Find each line below that includes "Education", then copy it.

(Saved data entries)
--

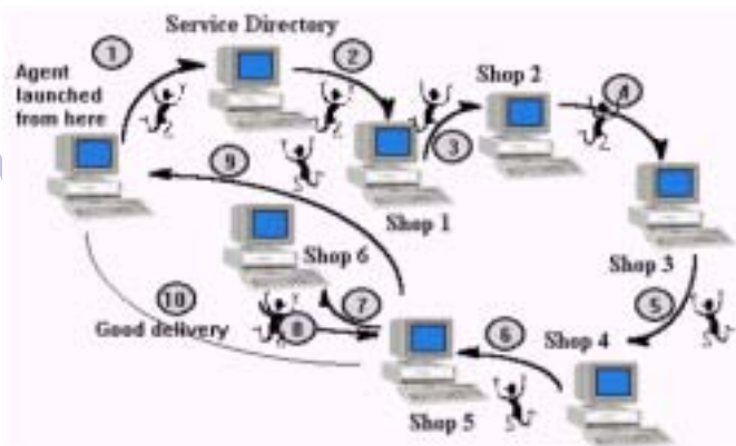
Figure 2: Agent-based shopper assistant

PAWS is an Agent based library of information. Based on the owner's preferences and the index services, such as Alta Vista and
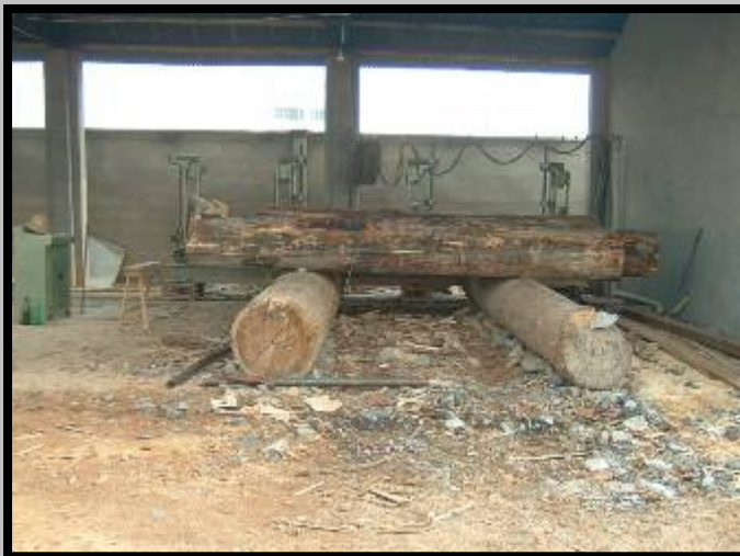
Cutting machine (1 pc)
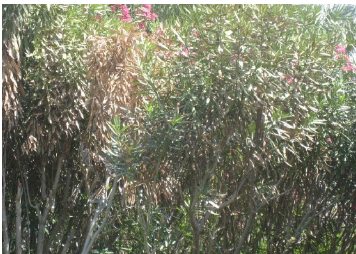
Figure 11. Oleander leaf scorch spread to the canopy.
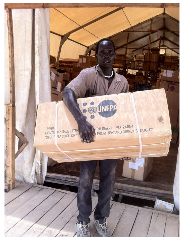
Male latex condom being placed in Health Cluster warehouse in Malakal before distribution.

UNFPA trained 12 Traditional Birth Attendants (TBAs) and is partnering with them to encourage more mothers in the PoCs and around Bentiu town to attend ANC clinics.
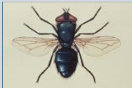
Figure 9. Blow fly.

House flies tend to predominate in poultry regions of the United States, but other species like the ones below may be more common in other areas of the world.
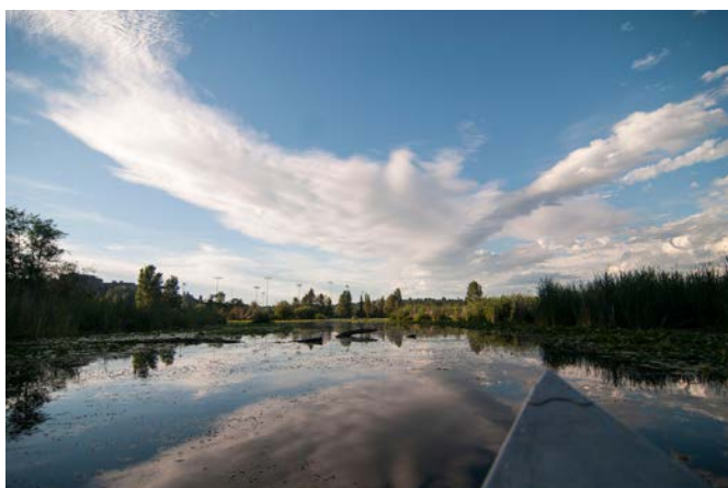
Lake Washington, Seattle

This interactive map can help you get acquainted with campus, and the greater Seattle area: http://www.washington.edu/maps/
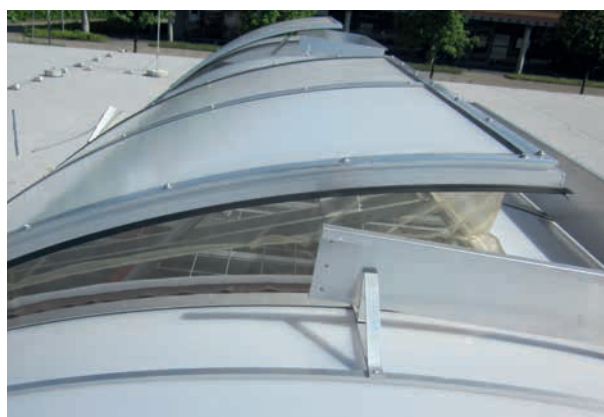
Continuous rooflight flap in ventilation position with insect screen system
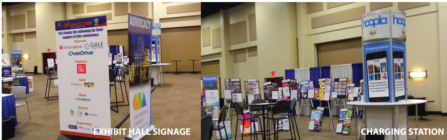
EXHIBIT HALL SIGNAGE
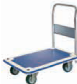
MB (C) -UW (Option)
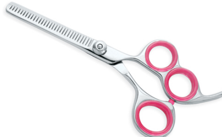
Professional Thinning Scissors VI-102-1005

&nbsp; Available in Stainless steel AISI 420 or 440 with hollow ground inner blades and Convex edge, 28 teeth thinning scissors which classic ergonomic handles. 5.5",6",
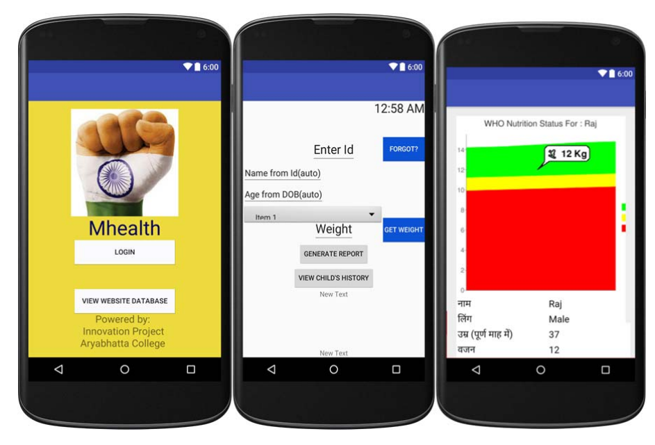
Figure IV: Login and output screen
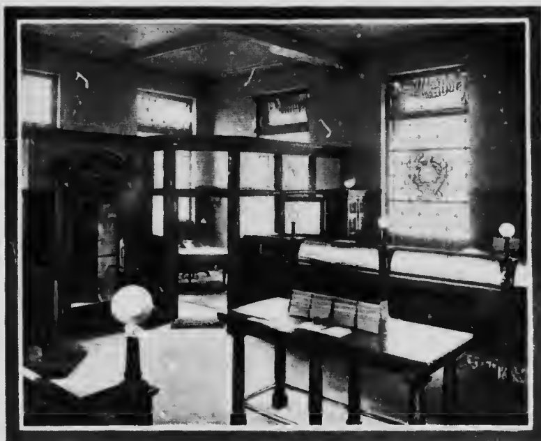
MAIN DOORWAY AND MANAGER'S ROOM

The manager's room occupies the corner of the building immediately on Dundas and Richmond Streets. The woodwork is of mahogany, and the walls are finished similarly to those of the main office. A handsome mahogany mantel and fireplace occupy one corner of the room which is suitably furnished in the same wood.
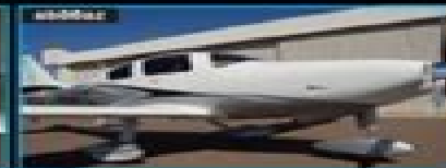
2013 Cessna 400 Corvallis TTx With Intrinsic Flight Deck & G2000 All Glass Cockpit! Speed, Comfort, Safety & Style! Secure Your SN Now. $733,950
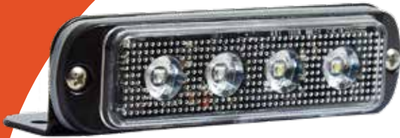
LED4400-L-BKT (For Mounting to a horizontal surface)
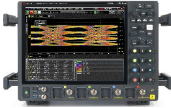
1.85 mm input model
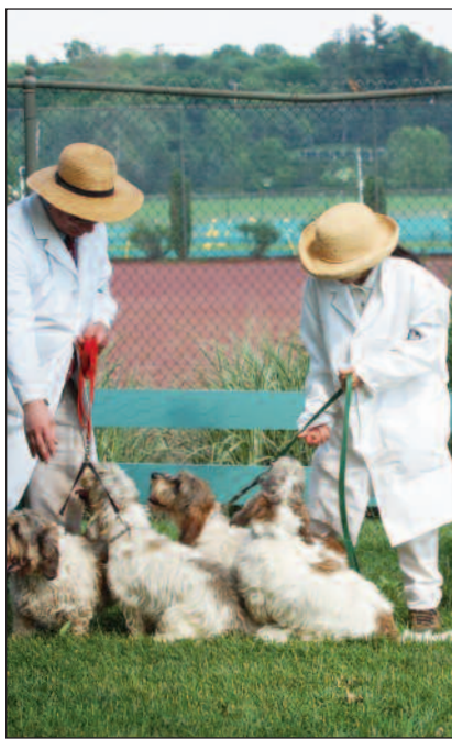
We placed 2nd in the 2 Couples of Hounds Class
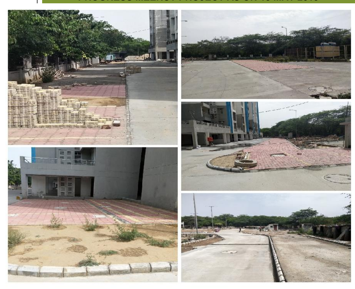
PARKING AREAS - 65.00 % COMPLETED.
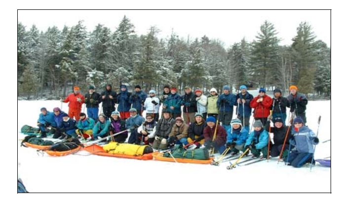
Students and staff from the College of William and Mary

Raquette Lake News is published biannually (fall/spring semesters) by the Center for Environmental and Outdoor Education at SUNY Cortland.
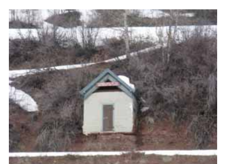
SILVER KING MINE BOARDING HSE VAULT Significant Site Designated Feb. 4, 2009
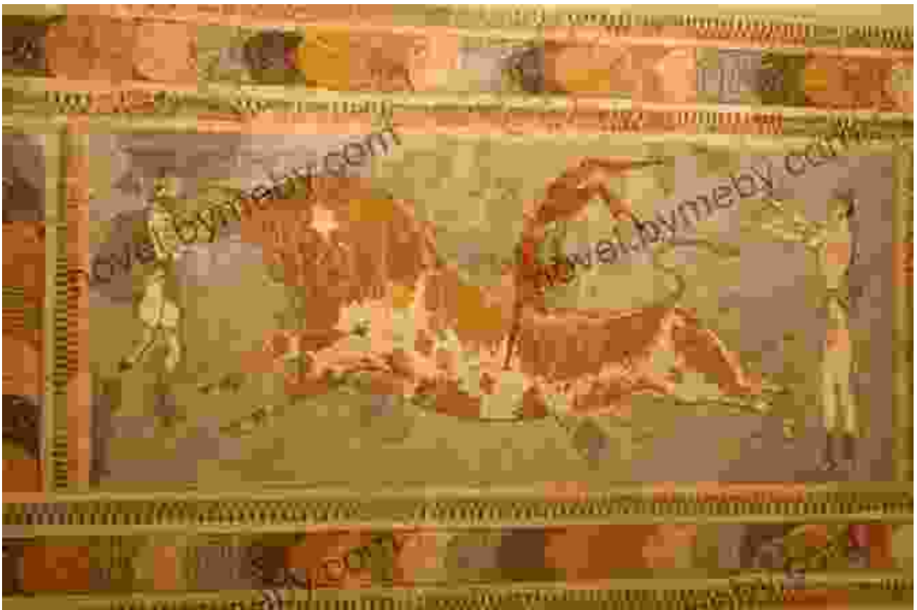
Minoan fresco depicting a bull-leaping ceremony
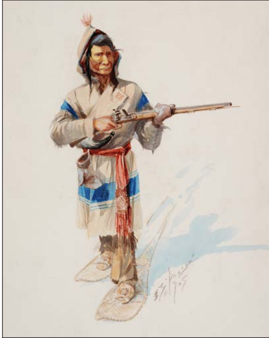
Métis men often wore capotes —coats made from thick, wool, Hudson’s Bay blankets—tied with a colorful handwoven sash. They wore colorful leggings and their moccasins often were beaded with elegant designs.
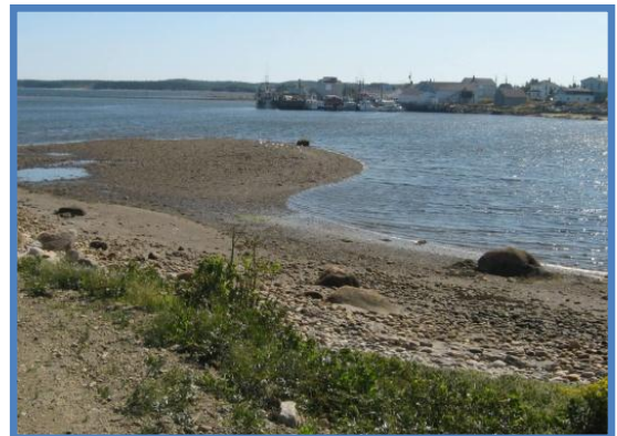
Shoreline access at the inlet entrance
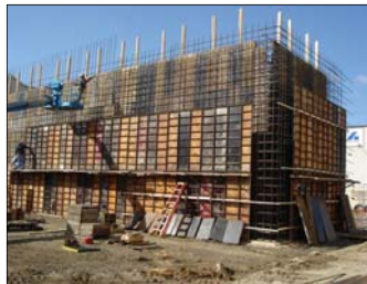
Concrete Building Bradken Gamma Ray Building

Federal Express Corporation Musselman & Hall Contractors Lafarge A & C
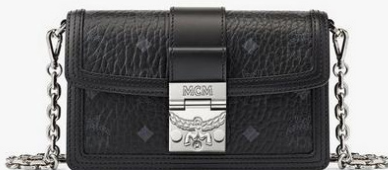
TRACY CROSSBODY IN VISETOS (MINI) THB 22,900
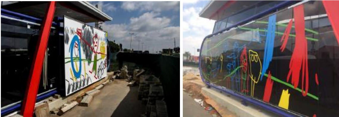
Lees Station – Steel and Glass Panel Artwork, Original Artwork extracted from workshops with Ububele Pre – Primary School and entity of the Ububele Education Psychotherapy Trust in Kew. (2018)
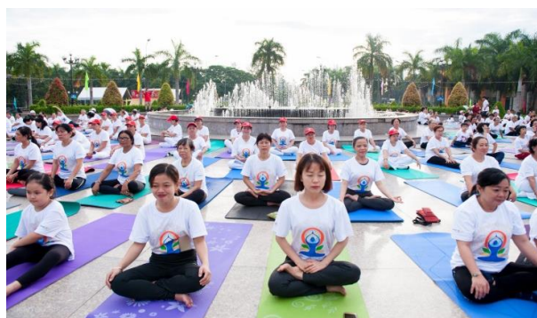
Soc Trang Province (23 June)
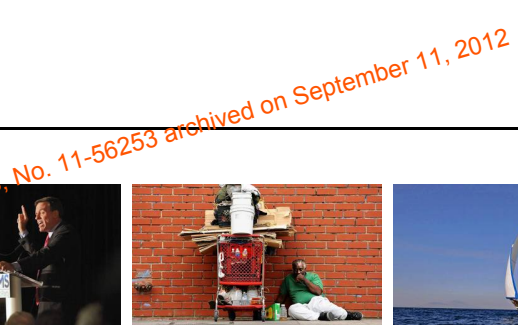
property of homeless

--

• **EXPECTED ANSWER**:
Raquette Lake News is published biannually (fall/spring semesters) by the Center for Environmental and Outdoor Education at SUNY Cortland.
Lees Station – Steel and Glass Panel Artwork, Original Artwork extracted from workshops with Ububele Pre – Primary School and entity of the Ububele Education Psychotherapy Trust in Kew. (2018)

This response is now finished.